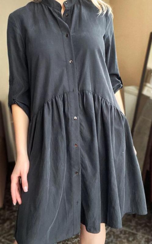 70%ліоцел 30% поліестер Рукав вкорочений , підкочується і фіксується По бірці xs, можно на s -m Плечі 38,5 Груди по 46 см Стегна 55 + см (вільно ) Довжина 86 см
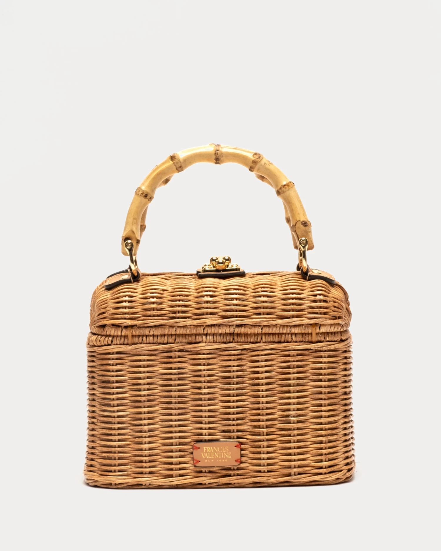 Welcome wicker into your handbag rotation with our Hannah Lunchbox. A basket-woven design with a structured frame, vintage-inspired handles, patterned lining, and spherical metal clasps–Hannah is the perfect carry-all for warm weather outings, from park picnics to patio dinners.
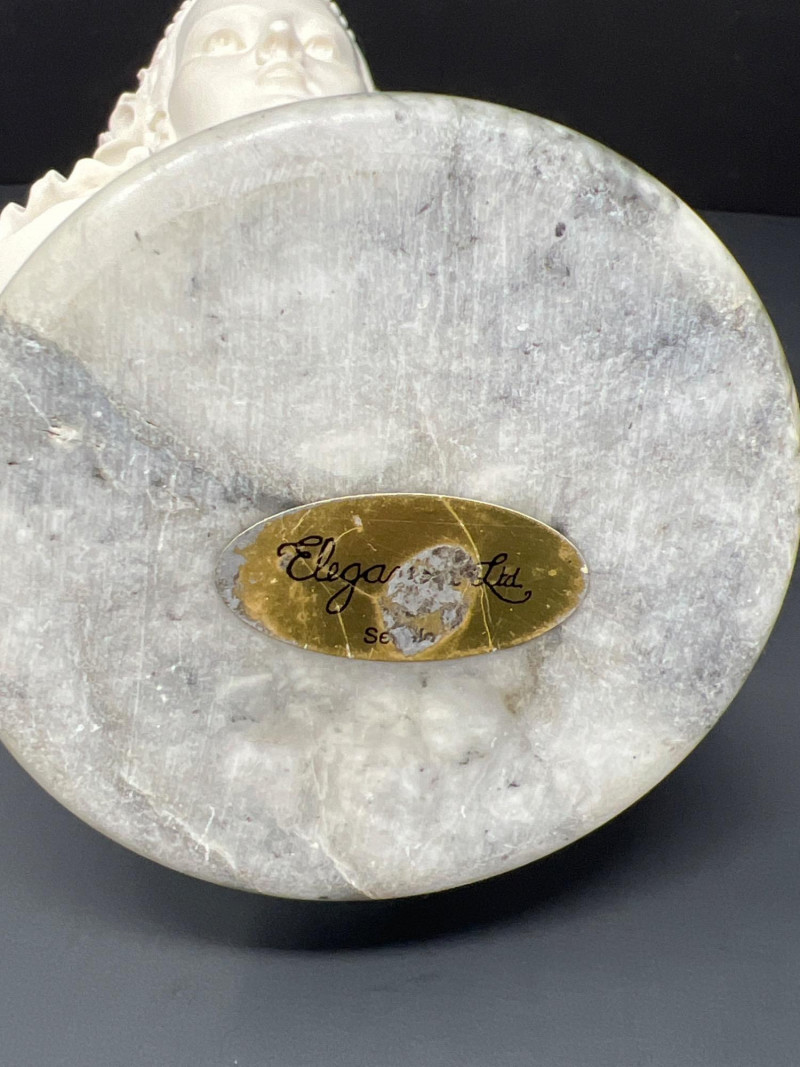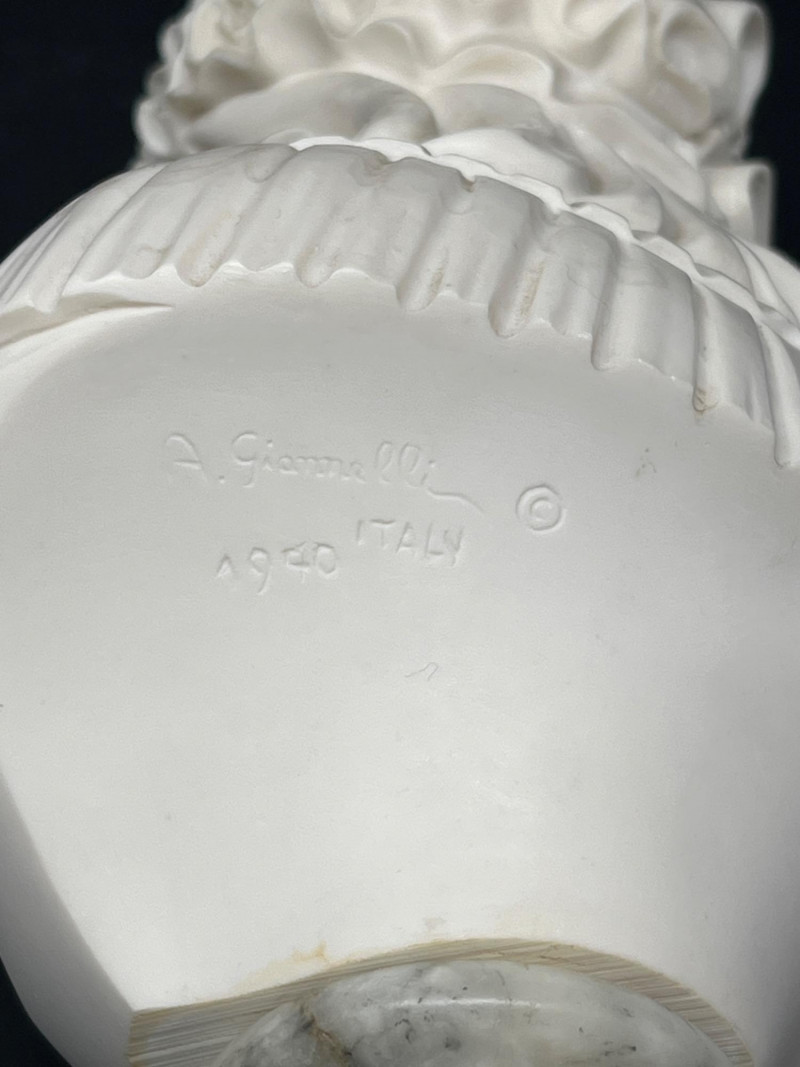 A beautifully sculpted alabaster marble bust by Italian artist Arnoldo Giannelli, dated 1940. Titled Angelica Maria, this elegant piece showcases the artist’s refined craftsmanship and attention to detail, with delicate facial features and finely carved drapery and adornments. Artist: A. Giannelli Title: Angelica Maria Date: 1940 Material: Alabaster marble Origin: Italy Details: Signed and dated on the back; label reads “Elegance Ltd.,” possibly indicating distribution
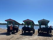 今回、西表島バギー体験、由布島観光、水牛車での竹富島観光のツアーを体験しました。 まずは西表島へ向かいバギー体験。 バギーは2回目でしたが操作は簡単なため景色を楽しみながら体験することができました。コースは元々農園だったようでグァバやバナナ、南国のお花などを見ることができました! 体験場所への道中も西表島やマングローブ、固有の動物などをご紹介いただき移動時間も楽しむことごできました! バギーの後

* * *

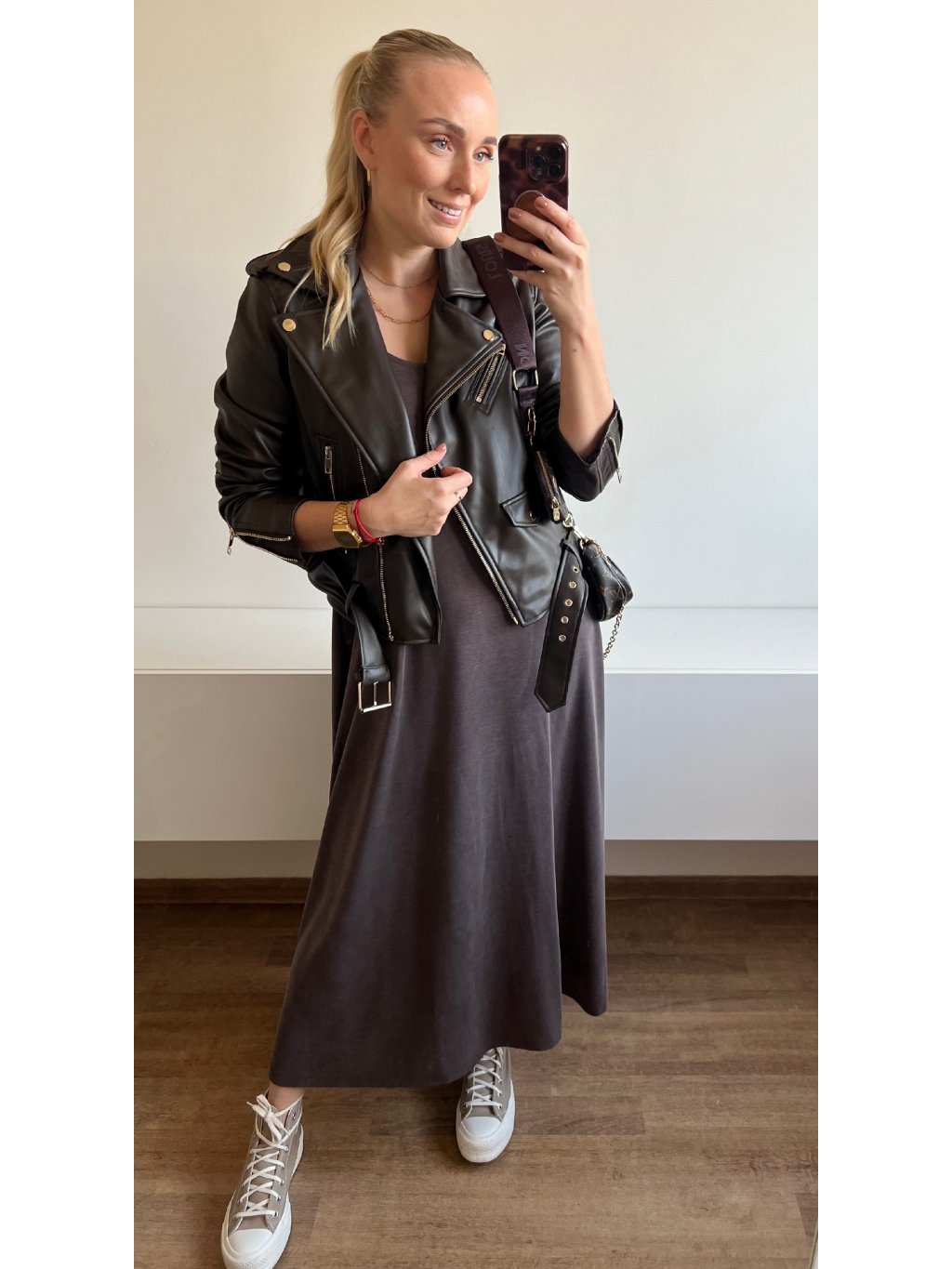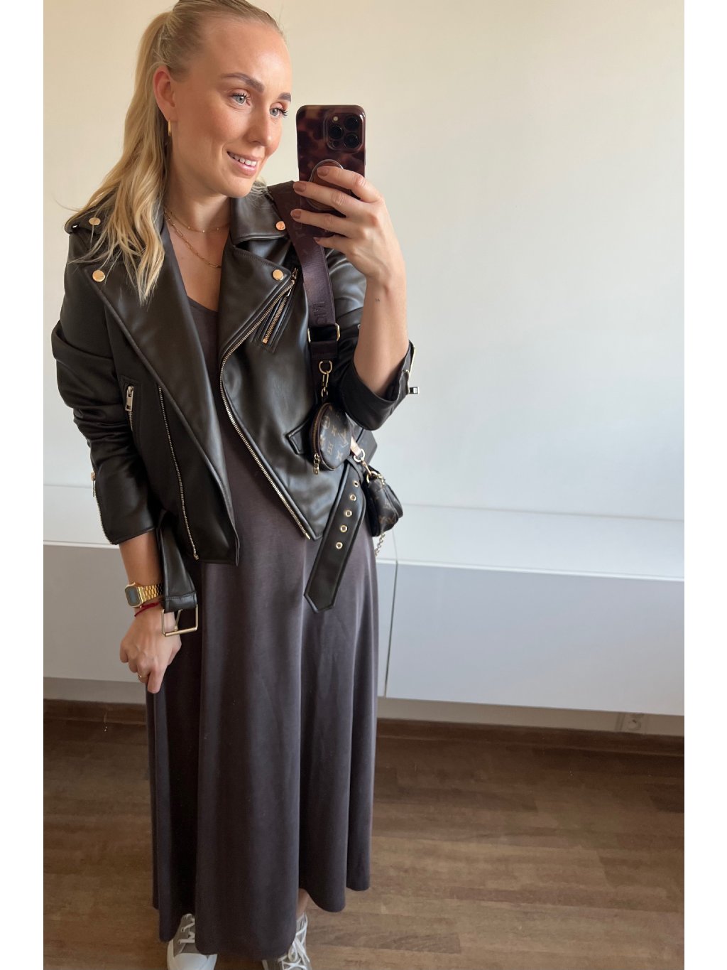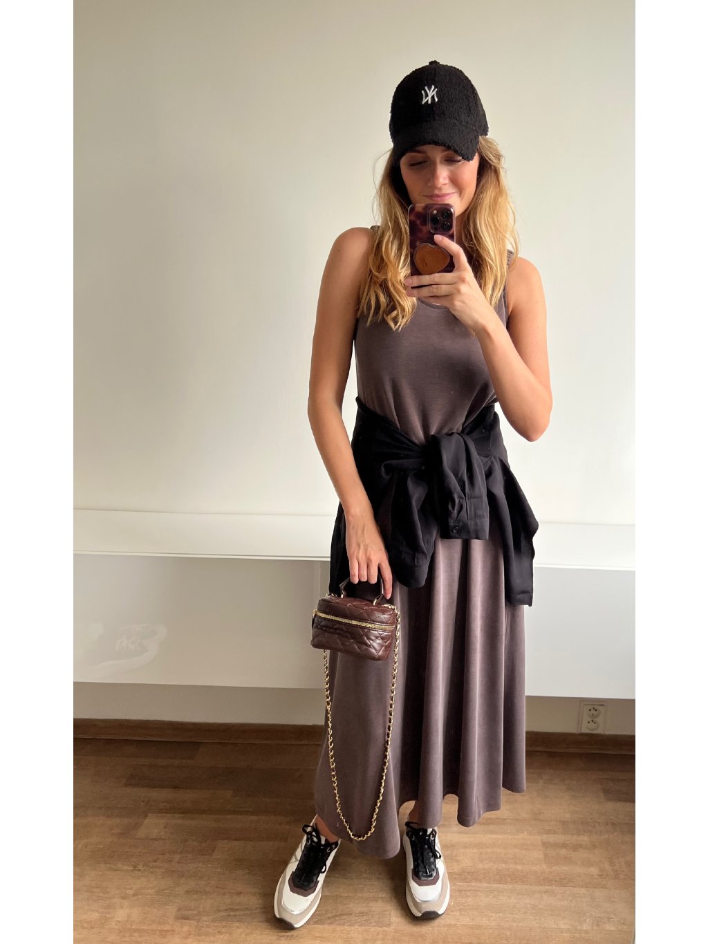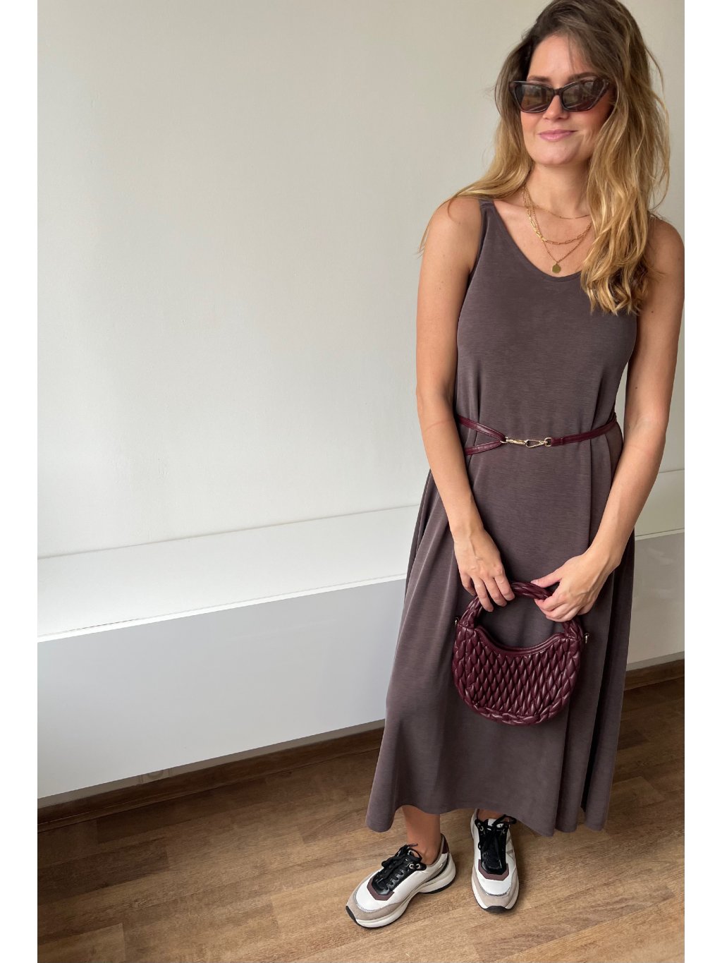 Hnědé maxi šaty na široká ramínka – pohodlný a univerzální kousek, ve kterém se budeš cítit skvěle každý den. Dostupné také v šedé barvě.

* _TASK_
Given the entries above, transcribe exactly the lines from the one holding "70%ліоцел 30% поліестер" through the one holding "A beautifully sculpted"; pictures do not belong in the transcription.

* _COMPLETED EXERCISE_
 70%ліоцел 30% поліестер Рукав вкорочений , підкочується і фіксується По бірці xs, можно на s -m Плечі 38,5 Груди по 46 см Стегна 55 + см (вільно ) Довжина 86 см
 Welcome wicker into your handbag rotation with our Hannah Lunchbox. A basket-woven design with a structured frame, vintage-inspired handles, patterned lining, and spherical metal clasps–Hannah is the perfect carry-all for warm weather outings, from park picnics to patio dinners.
 A beautifully sculpted alabaster marble bust by Italian artist Arnoldo Giannelli, dated 1940. Titled Angelica Maria, this elegant piece showcases the artist’s refined craftsmanship and attention to detail, with delicate facial features and finely carved drapery and adornments. Artist: A. Giannelli Title: Angelica Maria Date: 1940 Material: Alabaster marble Origin: Italy Details: Signed and dated on the back; label reads “Elegance Ltd.,” possibly indicating distribution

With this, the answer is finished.